Flashcards in 9. Structure, Function and Disorder of Skin Deck (35):
How can disease affect the macroscopic variations of colour, hair and wrinkling of skin?
Colour - vitiligo (autoimmune depigmentation)
Hair - alopecia areata (autoimmune hair loss)
Wrinkling - uv-induced abnormalities (sun burn, skin ageing, skin cancers).
What is the stratum corneum made of?
Dead squamous epithelia that will flake off.
What are the five layers of skin?
Stratum corneum (horny layer), granular layer, prickle cell layer, basal layer and dermis.
What are keratins?
Heterodimeric fibrous proteins which contribute to the strength of the epidermis. They're the main constituents of hair and nail.
What cells in the skin undergo mitosis?
Keratinocytes, their daughter cells move upwards and have terminal differentiation so lose the ability to divide.
What makes up the granular layer of the epidermis?
Keratohyalin granules. Keratins, fibrous proteins and enzymes.
What is the horny layer/ stratum corneum made up of?
Layers of flattened corneocytes.
What is the transit time of keratinocytes from basal layer to stratum corneum?
What are melanocytes and langerhan cells? (Their origin, where they're found, how they're seen, what their function is).
Dendritic cells, melanocytes of neural crest origin and langerhan cells of bone marrow origin. Both cant be seen histologically without special stains. Melanocytes are in the basal layer of the epidermis and produce melanin that give the skin colour, the more melanin produced, the more tanned the skin. Langerhan cells are scattered through the prickle cell layer and present antigens to T lymphocytes so are involved in the immune response.
What stain is needed to view Langerhan cells and melanocytes histologically?
S100 monoclonal antibody staining.
What is noticeable about photomicrographs of palmar skin?
The horny layer is really thick and there are no hair follicles. The prickle cell layer is also very thick.
What is noticeable about the photomicrograph of scalp skin?
The stratum corneum flakes off as dandruff, there are lots of hair follicles and sebaceous glands.
What is psoriasis?
Abnormal epidermal growth and differentiation that affects 2% of the population.
What causes psoriasis?
Could be to do with genetics but not known yet. Extreme proliferation of epidermal basal layer and thickening of the prickle cell layer with excess stratum corneum cells (scaling).

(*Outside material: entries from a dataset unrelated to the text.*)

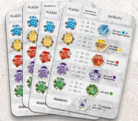
4 Player aids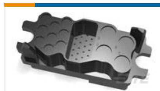
TE Part #1648162-1 261-0006-01100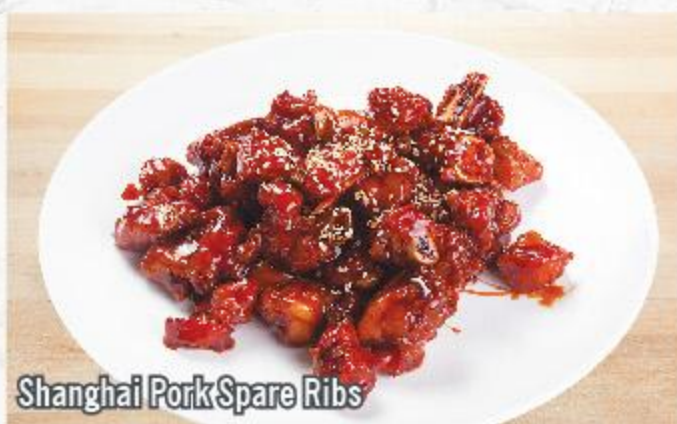
Shanghai Pork Spare Ribs

The cells have a week long cycle rather than 30-40 day cycle.
What is a possible treatment of psoriasis?
UV photo therapy.
What is allergic contact dermitis mediated by?

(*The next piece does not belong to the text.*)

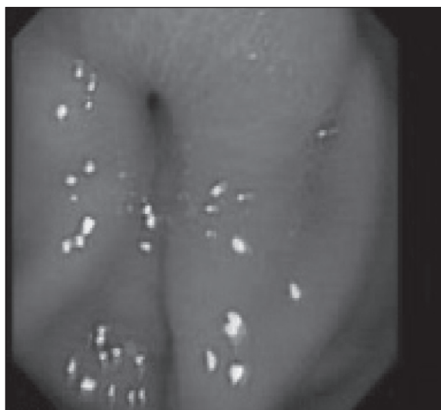
Figure 1) Opening of gastrocutaneous fistula seen at gastrostomy site

Les auteurs présentent un cas de fistule gastrocutanée qui s'est formée après l'installation d'une sonde de gastrostomie endoscopique percutanée. On a d'abord adopté un traitement classique de la fistule, qu'on a ensuite fermée par photocoagulation au laser argon et installation de pinces endoscopiques. Le patient, maintenu en observation, a obtenu son congé une fois la fistule fermée.

What is a malignant melanoma?
Malignant growth if melanocytes.
What is vitiligo?
Autoimmune destruction of melanocytes.
What causes hairs to go grey with age?
Melanocytes not functioning in hair follicles with age.
What affects the prognosis of malignant melanoma?
Whether it has gone through the epidermal basement membrane. If it hasn't, the prognosis is good, if it has, the prognosis is bad.
What makes up the extracellular matrix of the dermis?
Collagens, elastin and other extracellular matrix components.
What are the components of the dermis?
Blood vessels, lymphatic vessels, mast cell, nerves and extracellular matrix.
What are keloids caused by?
Excess scar tissue productions following wounding.
How do blood vessels in different layers of the skin differ?
In the superficial dermis, there are smaller blood vessels. In the deeper dermis there are larger blood vessels.
What causes the birth defect 'port wine stain'?
Congenital malformation of dermal blood vessels.
What causes allergic reactions?
Histamine released from cytoplasmic granules in mast cells, caused increased vascular permeability and leakage of plasma into exactravascular sites causing oedema.
What causes acne?
Sebaceous glands getting obstructed, increased serum production and infection.
What is hyperhidrosis?
Increased swearing especially on the palms and soles.
What are apocrine sweat glands?
Large sweat glands abundant in axial law, genital and submammary areas.
What are the four major function of the skin?
Barrier, sensation, thermoregulation and psychosexual communication.
How does the skin act as a barrier?
The outer epidermis prevents per cutaneous absorption of exogenous substances. It can be overcome during percutaneous absorption of drugs or in some diseases.
What does poor barrier function of the skin lead to?
Loss of fluid, protein, other nutrients and heat. Also excessive absorption of exogenous agents like drugs.
What causes loss of the sensation function of the skin?
Leprosy and diabetic sensory neuropathy.
How does the skin act as a thermoregulator?
Vascular thermoregulation (dilation of skin blood vessels leads to heat loss and constriction leads to heat gain) and thermoregulatory eccrine sweating (evaporation of eccrine sweat causes cooling).